# 12v sockets Coral S670SLT?



## relay

Hi All

Can anyone with this model motorhome tell me if they have a 12v socket anywhere in the habitation area? We've searched a friend's van and can't seem to find one - but surely Adria won't have built a van of this size without one? 

Thanks 

-H


----------



## cabby

have you tried calling the Adria dealer.

cabby


----------



## Suenliam

Hi H - we have the SP650 version - not a whole lot different to yours. We do not have a 12v plug anywhere other than the dash board one. Seem to remember that this was the same with our previous (not Adria) Mhs too.

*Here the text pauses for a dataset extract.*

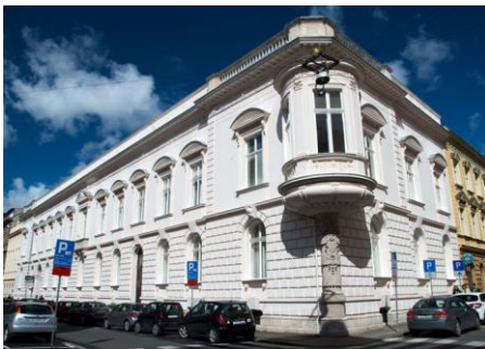
Mjesto održavanja HIS Zagreb, Berislavićeva 6

Sorry - this doesn't seem to help much  

Sue


----------



## DiscoDave

we have a coral sport, and it only has a socket behind the tv and the one on the dash! easily rectified though!


----------



## brens

Our previous van 2008 coral compact 12v was next toTV aerial and plug point.


----------



## relay

Thanks everyone for your help. We haven't yet looked behind the TV (and not in the motorhome at the mo) but hopefully there will be one there. 

-H


----------



## JipsyJeff

We have 3 sockets:
1: between the 2 single beds by the washroom door,
2: above the kitchen work top behind the sink,
3. in the tv cuboard above the kitchen area.


----------



## aldra

Two apart from dashboard

one in the tv cupboard and one in the bedroom

Both really for Tvs

Have already fitted extra 230 V plugs and intend to extend the 12v system, handy for 12 volt fan etc

Aldra


----------